Division of Physical Therapy, Department of Allied Health Sciences, University of North Carolina at Chapel Hill, Chapel Hill, NC, USA.
Department of Neurology University of North Carolina at Chapel Hill, Chapel Hill, NC, USA.
Gait Posture. 2020 Jun;79:41-45. doi: 10.1016/j.gaitpost.2020.04.003. Epub 2020 Apr 18.
Treadmills and rhythmic auditory cueing can influence stepping rhythm for individuals with Parkinson disease (PD). Of concern, however, is that auditory cueing directly addresses the temporal features of gait, whereas adjusting step length may be more important for people with PD. Stepping to a faster cadence when walking overground may increase gait speed, but without requiring an increased step length. Furthermore, given the potentially valuable role of walking on a treadmill for individuals with PD, we are concerned that increasing cadence with rhythmic auditory cueing while walking at a constant treadmill speed will induce even shorter steps.

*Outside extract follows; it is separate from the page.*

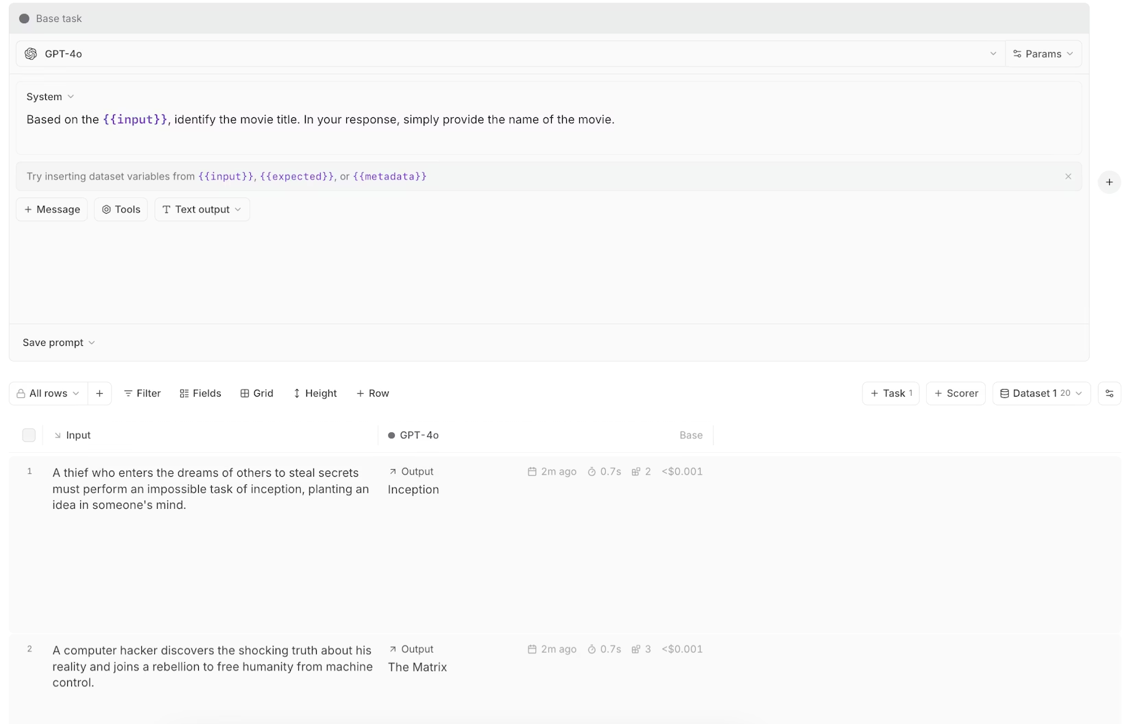 Braintrust's Loop automates the tedious parts of that cycle. Loop is an AI agent built into Braintrust that analyzes production failures, generates evaluation criteria, creates test datasets from traces, and suggests prompt improvements. Each of Loop's outputs feeds back into the evaluation system. A scorer that Loop generates can run in your next experiment or in production monitoring. A dataset that Loop builds from failure traces becomes a regression test suite.

What is the effect of different metronome cue frequencies on spatiotemporal gait parameters when walking overground compared to walking on a treadmill in people with PD?
Using a repeated-measures design, 21 people with PD (stage 1-3) walked overground and on a treadmill with and without metronome cues of 85 %, 100 %, and 115 % of their baseline cadence frequency for one minute each. We assessed step length, and cadence during all conditions. Gait speed was assessed during overground gait.
An interaction effect between cue frequency and walking environment revealed that participants took longer steps during the 85 % condition on the treadmill only. When walking overground, metronome cues of 85 % and 115 % of baseline cadence yielded decreases and increases, respectively, in both cadence and gait speed with no associated change in step length.
These data suggest that people with PD are able to alter spatiotemporal gait parameters immediately when provided the appropriate metronome cue and walking environment. We propose to target shortened step lengths by stepping to the beat of slow frequency auditory cues while walking on a treadmill, whereas the use of fast frequency cues during overground walking can facilitate faster walking speeds.
跑步机和节奏听觉提示可以影响帕金森病(PD)患者的步幅节奏。然而,令人担忧的是,听觉提示直接针对步态的时间特征,而调整步长对于 PD 患者可能更为重要。在地面上行走时以更快的步频行走可能会增加步行速度,但无需增加步长。此外,鉴于在跑步机上行走对 PD 患者可能具有潜在的有益作用,我们担心在恒定跑步机速度下行走时,通过节奏听觉提示增加步频会导致步幅更短。
与在跑步机上行走相比,当 PD 患者在地面上行走时,不同节拍器提示频率对时空步态参数有何影响?
使用重复测量设计,21 名 PD 患者(1-3 期)分别在地面和跑步机上以 85%、100%和 115%的基线步频进行 1 分钟的无节拍器和节拍器提示行走。我们评估了所有条件下的步长和步频。在地面行走时评估步行速度。
提示频率和行走环境之间的交互作用表明,参与者仅在跑步机上 85%的条件下迈出更长的步。当在地面上行走时,85%和 115%的基线步频的节拍器提示分别导致步频和步行速度降低和增加,而步长没有变化。
这些数据表明,当提供适当的节拍器提示和行走环境时,PD 患者能够立即改变时空步态参数。我们建议在跑步机上以慢频率听觉提示行走时,通过跟随节拍来纠正缩短的步长,而在地面行走时使用快频率提示可以促进更快的步行速度。